Blooming Now--black eyed Susan

          Everywhere I drive these days I see bright bunches of black eyed Susan. These are wonderful perennial flowers to add late season color when most other perennials are done blooming and beginning to look a little bedraggled.
         The plant most commonly identified as black eyed Susan is Rudbeckia flugida 'Goldstrum', but there are multiple species and varieties in the Rudbeckia genus with flowers ranging from 2 to 10 feet tall. Some are perennials, hardy even into zone 3. Others are annuals, but these usually seed freely enough that once they are established you can count on them coming back year after year. The one  thing these plants all have in common is the dark brown, almost black, center that gives the flowers their common name.
          Rudbeckias are tough plants that tolerate a wide range of conditions and are fairly drought tolerant. They prefer full sun and well drained soil, but can take light shade, especially in areas like southeast Idaho where the sun is hot and intense.

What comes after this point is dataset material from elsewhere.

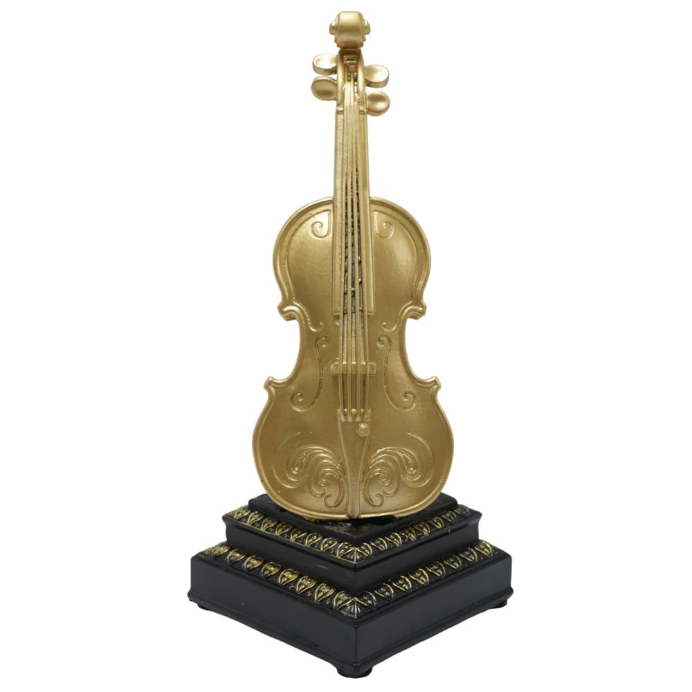 A refined accessory that brings art and music to the heart of your decor. This decorative object in the shape of a violin and in an elegant design, brings an artistic and warm atmosphere to any environment. Made of quality resin and decorated with gold color, this unique piece is ideal for music lovers. With dimensions of 16x16xH28.5 cm, it is perfect for placing on shelves, bedside tables or in the office as a visual point that attracts attention.

         Black eyed Susans are versatile enough to work well in a wide variety of situations. A native plant, they are often planted in wildflower mixes, but work well in formal gardens as well. They are colorful enough to be planted in masses alone, but look especially stunning when paired with Russian sage (Perovskia atriplicfolia). The golden yellow of black eyed Susan is a complementary color to the blue-violet of the Russian sage, creating a dynamic color scheme in a landscape.